• **Exercise**: The listing below has to be output exactly as given, less its pictures.

--

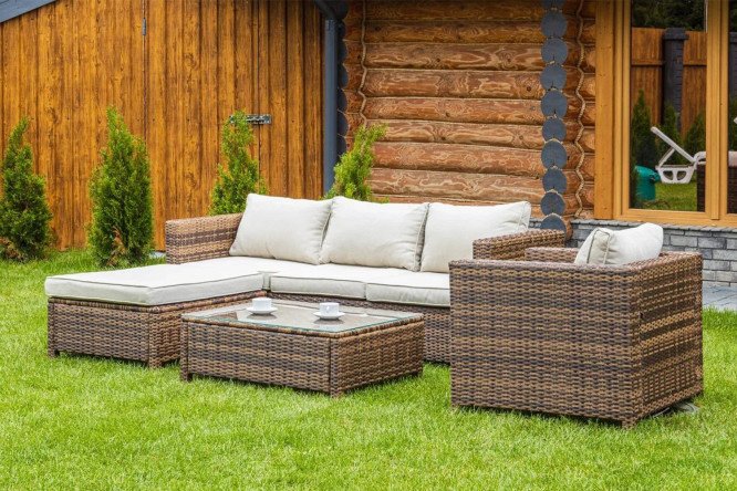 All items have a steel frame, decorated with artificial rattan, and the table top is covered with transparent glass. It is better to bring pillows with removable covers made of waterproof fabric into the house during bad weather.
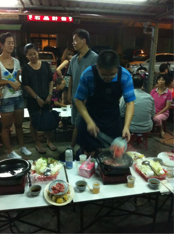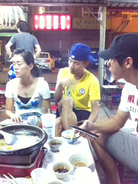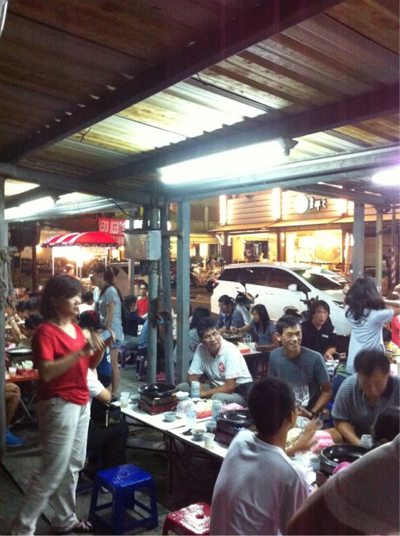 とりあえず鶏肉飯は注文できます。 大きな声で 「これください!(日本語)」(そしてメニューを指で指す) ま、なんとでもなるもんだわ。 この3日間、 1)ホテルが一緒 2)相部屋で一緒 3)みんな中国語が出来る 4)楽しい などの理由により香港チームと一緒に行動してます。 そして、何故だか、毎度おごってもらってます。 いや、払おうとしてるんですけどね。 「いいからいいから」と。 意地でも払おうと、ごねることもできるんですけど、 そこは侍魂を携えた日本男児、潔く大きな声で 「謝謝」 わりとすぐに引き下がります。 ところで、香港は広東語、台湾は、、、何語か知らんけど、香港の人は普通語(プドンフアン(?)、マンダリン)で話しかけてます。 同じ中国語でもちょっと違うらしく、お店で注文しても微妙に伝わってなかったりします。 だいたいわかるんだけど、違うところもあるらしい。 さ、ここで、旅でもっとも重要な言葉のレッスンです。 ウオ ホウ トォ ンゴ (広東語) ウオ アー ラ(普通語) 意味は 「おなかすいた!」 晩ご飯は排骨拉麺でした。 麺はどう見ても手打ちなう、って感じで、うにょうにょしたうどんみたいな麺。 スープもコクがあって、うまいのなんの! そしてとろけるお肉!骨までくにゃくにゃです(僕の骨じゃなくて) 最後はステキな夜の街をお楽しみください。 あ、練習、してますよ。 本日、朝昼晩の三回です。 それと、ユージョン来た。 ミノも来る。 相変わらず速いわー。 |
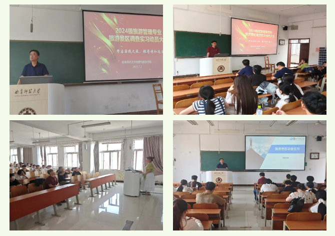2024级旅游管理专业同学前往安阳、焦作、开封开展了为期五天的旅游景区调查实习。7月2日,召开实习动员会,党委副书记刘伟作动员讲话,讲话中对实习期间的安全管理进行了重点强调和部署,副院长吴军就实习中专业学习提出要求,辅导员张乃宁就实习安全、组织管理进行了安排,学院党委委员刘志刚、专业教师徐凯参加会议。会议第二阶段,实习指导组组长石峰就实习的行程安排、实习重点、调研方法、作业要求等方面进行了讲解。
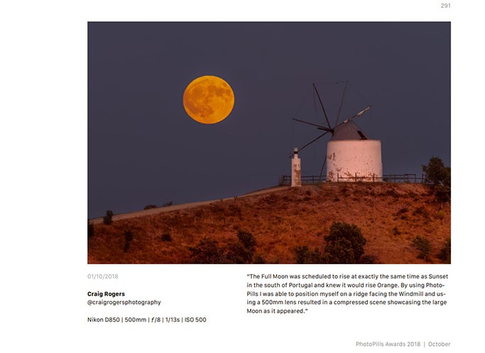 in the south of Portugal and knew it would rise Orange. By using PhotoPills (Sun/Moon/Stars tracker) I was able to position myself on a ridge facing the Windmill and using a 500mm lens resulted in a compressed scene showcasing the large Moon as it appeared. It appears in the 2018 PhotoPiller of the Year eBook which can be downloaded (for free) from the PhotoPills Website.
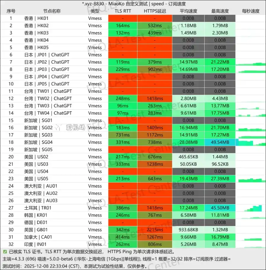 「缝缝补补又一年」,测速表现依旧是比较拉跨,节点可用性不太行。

--

• **Response to this exercise**:
 All items have a steel frame, decorated with artificial rattan, and the table top is covered with transparent glass. It is better to bring pillows with removable covers made of waterproof fabric into the house during bad weather.
 とりあえず鶏肉飯は注文できます。 大きな声で 「これください!(日本語)」(そしてメニューを指で指す) ま、なんとでもなるもんだわ。 この3日間、 1)ホテルが一緒 2)相部屋で一緒 3)みんな中国語が出来る 4)楽しい などの理由により香港チームと一緒に行動してます。 そして、何故だか、毎度おごってもらってます。 いや、払おうとしてるんですけどね。 「いいからいいから」と。 意地でも払おうと、ごねることもできるんですけど、 そこは侍魂を携えた日本男児、潔く大きな声で 「謝謝」 わりとすぐに引き下がります。 ところで、香港は広東語、台湾は、、、何語か知らんけど、香港の人は普通語(プドンフアン(?)、マンダリン)で話しかけてます。 同じ中国語でもちょっと違うらしく、お店で注文しても微妙に伝わってなかったりします。 だいたいわかるんだけど、違うところもあるらしい。 さ、ここで、旅でもっとも重要な言葉のレッスンです。 ウオ ホウ トォ ンゴ (広東語) ウオ アー ラ(普通語) 意味は 「おなかすいた!」 晩ご飯は排骨拉麺でした。 麺はどう見ても手打ちなう、って感じで、うにょうにょしたうどんみたいな麺。 スープもコクがあって、うまいのなんの! そしてとろけるお肉!骨までくにゃくにゃです(僕の骨じゃなくて) 最後はステキな夜の街をお楽しみください。 あ、練習、してますよ。 本日、朝昼晩の三回です。 それと、ユージョン来た。 ミノも来る。 相変わらず速いわー。 |
2024级旅游管理专业同学前往安阳、焦作、开封开展了为期五天的旅游景区调查实习。7月2日,召开实习动员会,党委副书记刘伟作动员讲话,讲话中对实习期间的安全管理进行了重点强调和部署,副院长吴军就实习中专业学习提出要求,辅导员张乃宁就实习安全、组织管理进行了安排,学院党委委员刘志刚、专业教师徐凯参加会议。会议第二阶段,实习指导组组长石峰就实习的行程安排、实习重点、调研方法、作业要求等方面进行了讲解。
 in the south of Portugal and knew it would rise Orange. By using PhotoPills (Sun/Moon/Stars tracker) I was able to position myself on a ridge facing the Windmill and using a 500mm lens resulted in a compressed scene showcasing the large Moon as it appeared. It appears in the 2018 PhotoPiller of the Year eBook which can be downloaded (for free) from the PhotoPills Website.
 「缝缝补补又一年」,测速表现依旧是比较拉跨,节点可用性不太行。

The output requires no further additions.